The next day I agreed to take on the challenge of writing the essay. I spent late nights at my laptop, sometimes with a nursing infant at my bosom and sometimes in-between naps, but I followed her editorial wisdom, put on my big girl pants and dusted off my journals and pens. I can’t say that my ex (husband at the time) was happy about it. As a matter of fact, he rejected my offers to him to read my draft and at the time of my book signing years later, he still had not read one word of my essay. Nonetheless, I had never felt more fulfilled, more proud, motivated and accomplished than when I received the published anthology in the mail. I cried and thanked my Creator for giving me the strength and the support to write such an emotional essay about my mother. She was my mother, my best friend and now my muse.
Five years later, I am still writing and working with new situations to balance. I am reading poetry and working on my first poetry CD. I am still self-employed, I am still home to greet my children when they get home from school, and I still have a home to take care of, but now I am doing it alone. It’s not easy finding quiet time to write. Most nights I am too exhausted to do anything after the kids’ bath and bedtime, so I keep my laptop by my bed in case I wake up in the middle of the night with an idea and want to write. I collect journals so there’s always one in my briefcase, bedroom or car for convenience. Thankfully with today’s technology I can also log into my blog from my smart phone and jot down some ideas or save an inspirational quote, meme or picture to my phone that will jog my memory to write. I love getting out at night and I try to support local artists, writers, poets as much as I can in the area, however I have to pace myself because it can be costly. Not only do I have to pay the entrance fee, but I sometimes end up paying a sitter up to $15 an hour to care for my kids, so a night out to an open mic just to get paid nothing can cost me fifty to sixty dollars depending on how long I’m staying out. So I pace myself, and try to get out at least twice a month.
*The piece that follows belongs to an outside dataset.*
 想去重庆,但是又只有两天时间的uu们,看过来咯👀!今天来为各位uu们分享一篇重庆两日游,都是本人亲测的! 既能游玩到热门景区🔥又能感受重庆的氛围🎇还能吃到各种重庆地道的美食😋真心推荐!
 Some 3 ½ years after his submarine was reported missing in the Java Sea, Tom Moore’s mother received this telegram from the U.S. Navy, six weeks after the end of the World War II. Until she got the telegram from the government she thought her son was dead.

If it’s a new venue, I go to check out the energy and the crowd, or I may go to a familiar place to support fellow artists and be inspired. It’s an investment in myself and much-needed “me” time, so I budget for it, find the time in my busy schedule and am blessed to have family and friends I can rely on at times to care for my children (and save me money!). I’ve learned how to find balance between my responsibilities as a mother and business woman and my need to express my life experience with words. It’s never easy to leave my children with a sitter on a school night and interrupt their normal bedtime routine. It’s not easy getting in my car and traveling into the city at the end of an already long day. And sometimes it’s very frustrating when I really want to go out somewhere to read my poems or hear other artists and my sitter cancels on me, or one of the kids get sick. But to quote India Arie’s lyrics to Life I Know.. ” it’s all alright ’cause this is the life I know”.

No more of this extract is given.